06/07/2020
Por José Pacheco
Cova da Piedade, 1 de julho de 2040
Foi um início de julho triste, de notícias desanimadoras. O Brasil perdera sessenta mil almas para a Covid-19 e era epicentro da pandemia. Irresponsáveis declarações de políticos davam origem a uma flexibilização precoce do isolamento social, contribuindo para acelerar a contaminação. Irresponsáveis comunicados da administração educacional anunciavam o regresso à sala de aula.
Na contramão desses desvarios, educadores cônscios preparavam o regresso ao futuro da educação, trocando a ensinagem remota pela aprendizagem na proximidade física e virtual.
Vinte anos antes, o Rubem publicara “A Escola Com Que Sempre Sonhei”, um apelo à humanização do ato de educar: “Quero uma escola que compreenda como os saberes são gerados e nascem”. Em julho de 2020, houve quem colocasse essa intenção em ato, conspirando. Farei a memória desses dias.
Quinze anos antes, preparando o regresso ao futuro da educação anunciado pelo Rubem, pela Nise, pelo Anísio e outros mestres ilustres, os Românticos Conspiradores aprovaram uma “declaração de princípios”: Somos pessoas conscientes de que os modelos educacionais e as práticas educativas possuem decisivas condicionantes socioculturais. Este fato exige que, para a transformação da Educação, tenhamos de ultrapassar seu âmbito restrito, englobando as dimensões sociais, políticas e culturais.
Temos a convicção de que a educação atualmente praticada não contribui para que as gerações futuras tenham condição de superar os cruciais desafios postos para e pela humanidade. Mais do que isso, essa educação acaba por incentivar a formação de pessoas que tendem a reproduzir o modo de pensar, sentir, agir e viver, que produziram tais desafios. Para que os atuais paradigmas educacionais possam ser superados, é necessário estabelecer novas concepções, que apontem formas alternativas de pensar, estruturar e praticar a educação.
A carta de princípios dos Românticos Conspiradores fundamentaria a vital transformação da Educação, para que ela pudesse corresponder às necessidades das pessoas e da sociedade contemporânea. O primeiro dos princípios – “Educar-se para a Integralidade” – assim era definido: A educação deve contemplar a humanidade dos educadores e educandos em sua totalidade, sendo coerente com a indivisibilidade das dimensões biológica, mental e espiritual de cada pessoa. Como cada ser humano possui diferentes limites, possui também potencialidades que poderão ser desenvolvidas e expressas a partir das formações e transformações, que ocorrem durante toda a vida. Para isso a educação deve ser um processo intencional, contínuo e transformador, integral, e que repercuta durante toda a vida.

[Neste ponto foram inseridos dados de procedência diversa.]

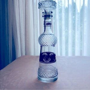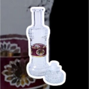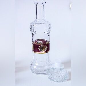 Vintage 1970 Retro Glass Bar Decanter with Burgundy/Gold Flower Band and Stopper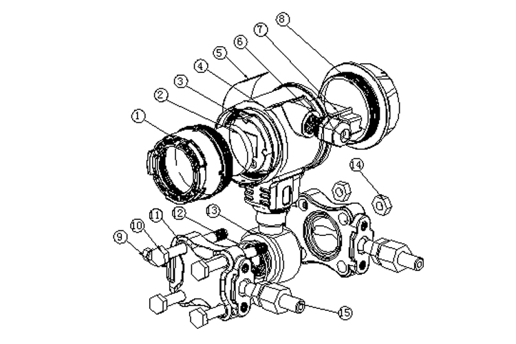 | 1.表头前盖 2. 前盖镜片 3.表头 4.壳体 5.铭牌标签 6.防爆接头 7.接线端子 8.表头后盖 9.放泄阀 10. 螺栓 11.夹板 12.传感器密封圈 13.传感器 14.螺母 15.焊管接头组件 |

Entre 2005 e 2020, os RC se encontravam nos denominados “Encontros Nacionais de Românticos Conspiradores” (ENARC). Coerentes com o princípio enunciado, partilhavam práticas de chão de escola, anunciadoras de educação integral. Aprendiam a conviver na multidimensionalidade do ser. Na prática e conspirando, anteciparam em mais de dez anos o debate em torno da Base Nacional Curricular Comum. E, depois da aprovação desse espúrio documento, a conspiração virou projeto.
Nos dias 11 e 12 de julho do distante 2020, mais um ENARC aconteceria. Pela primeira vez, com um fraterno abraçar apenas virtual. Outros se seguiriam e sobre eles vos falarei. À distância de duas décadas, é com desprendimento que o faço, reverenciando, honrando a memória daqueles educadores que, num presente sombrio, construíram um luminoso futuro.